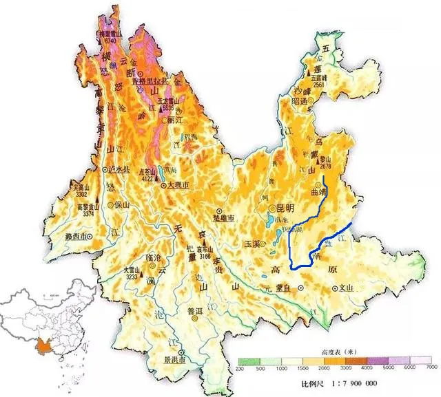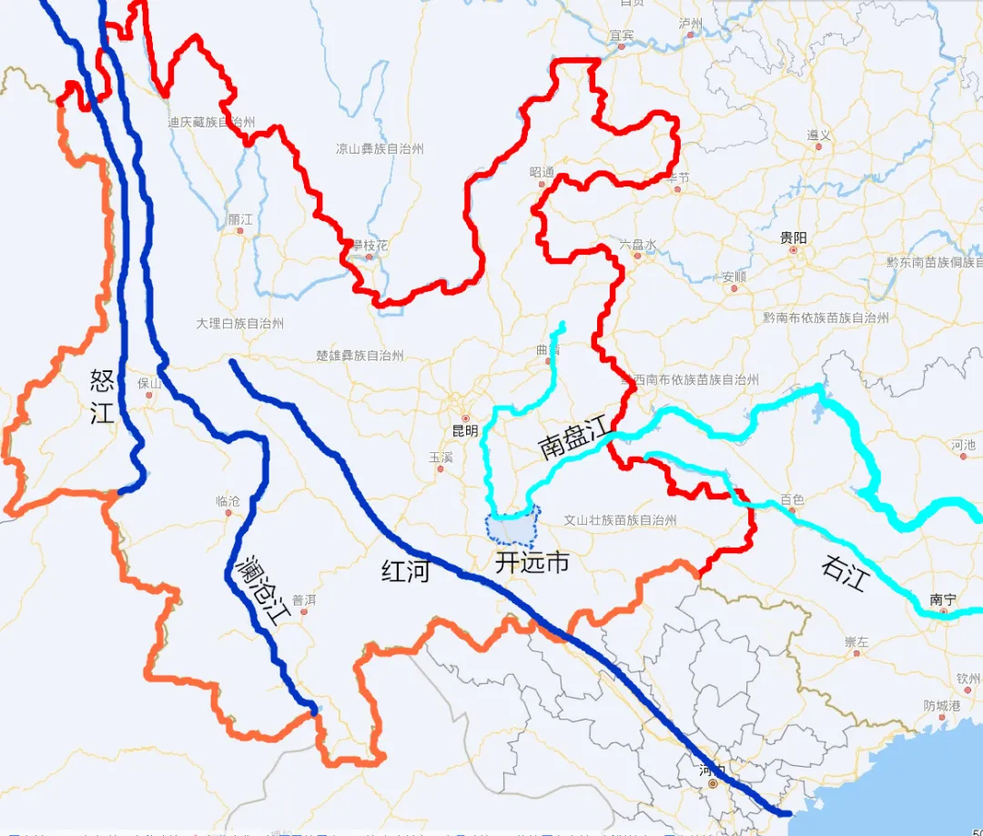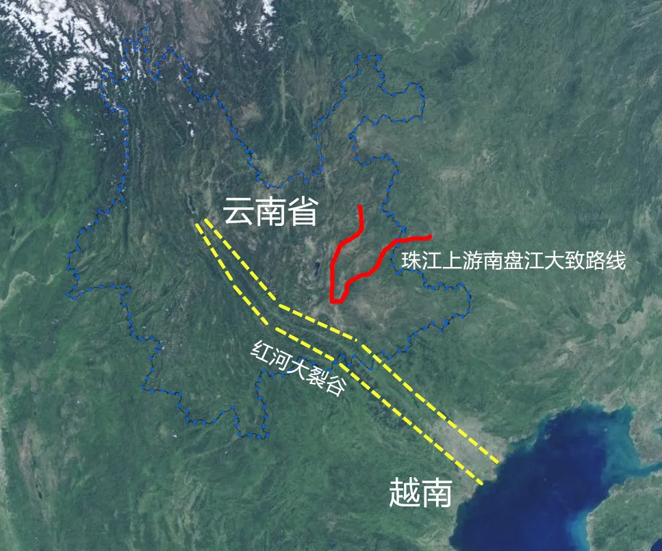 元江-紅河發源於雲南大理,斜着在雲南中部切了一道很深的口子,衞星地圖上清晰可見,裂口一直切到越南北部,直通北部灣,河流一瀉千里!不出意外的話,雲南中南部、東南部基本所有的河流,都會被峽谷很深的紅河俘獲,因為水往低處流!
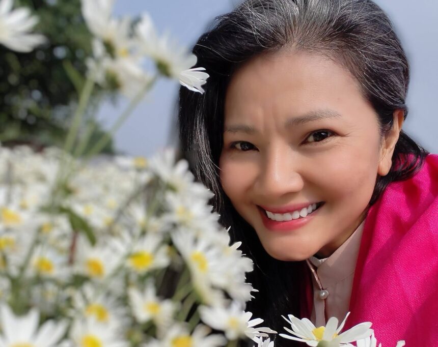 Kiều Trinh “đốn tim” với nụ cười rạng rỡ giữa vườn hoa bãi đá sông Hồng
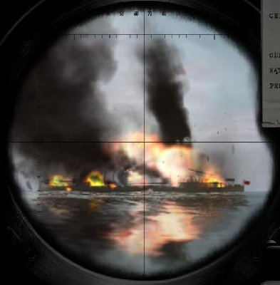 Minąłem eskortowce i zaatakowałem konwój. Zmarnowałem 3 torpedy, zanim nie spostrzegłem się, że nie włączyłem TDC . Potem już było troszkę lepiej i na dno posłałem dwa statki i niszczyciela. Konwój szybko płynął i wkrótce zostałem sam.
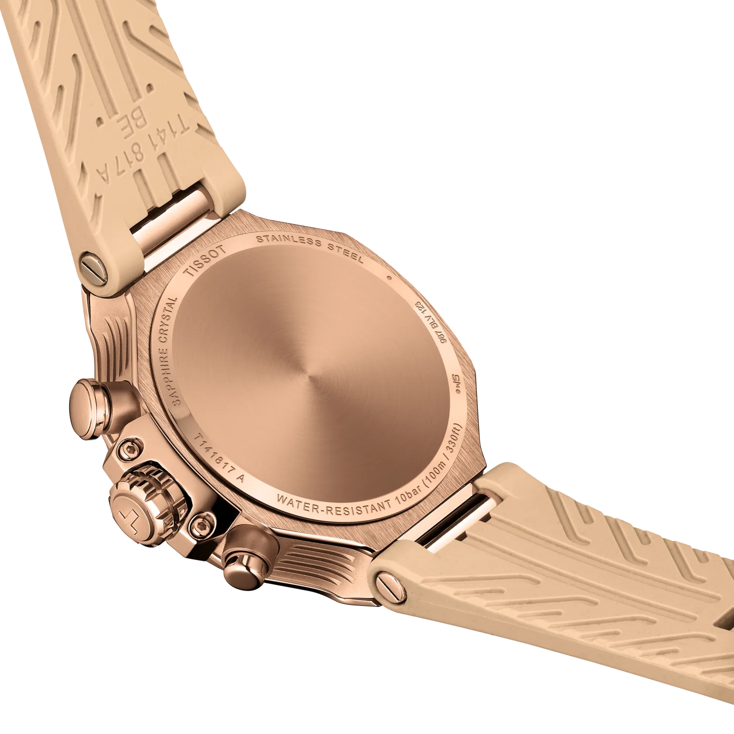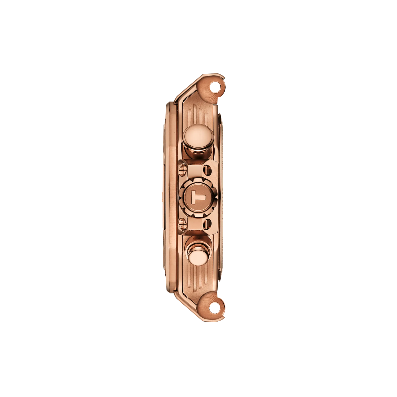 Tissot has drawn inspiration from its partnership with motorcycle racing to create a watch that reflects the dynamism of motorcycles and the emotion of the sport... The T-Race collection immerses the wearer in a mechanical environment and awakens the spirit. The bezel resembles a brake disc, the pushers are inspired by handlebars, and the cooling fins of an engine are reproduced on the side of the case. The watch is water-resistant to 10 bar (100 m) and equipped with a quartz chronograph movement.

● **Task to carry out**: Your copy must begin at the line containing "Minąłem eskortowce i" and end at the last line of the material above. Reproduce each line exactly, but not the pictures.

● **Written solution**:
 Minąłem eskortowce i zaatakowałem konwój. Zmarnowałem 3 torpedy, zanim nie spostrzegłem się, że nie włączyłem TDC . Potem już było troszkę lepiej i na dno posłałem dwa statki i niszczyciela. Konwój szybko płynął i wkrótce zostałem sam.
 Tissot has drawn inspiration from its partnership with motorcycle racing to create a watch that reflects the dynamism of motorcycles and the emotion of the sport... The T-Race collection immerses the wearer in a mechanical environment and awakens the spirit. The bezel resembles a brake disc, the pushers are inspired by handlebars, and the cooling fins of an engine are reproduced on the side of the case. The watch is water-resistant to 10 bar (100 m) and equipped with a quartz chronograph movement.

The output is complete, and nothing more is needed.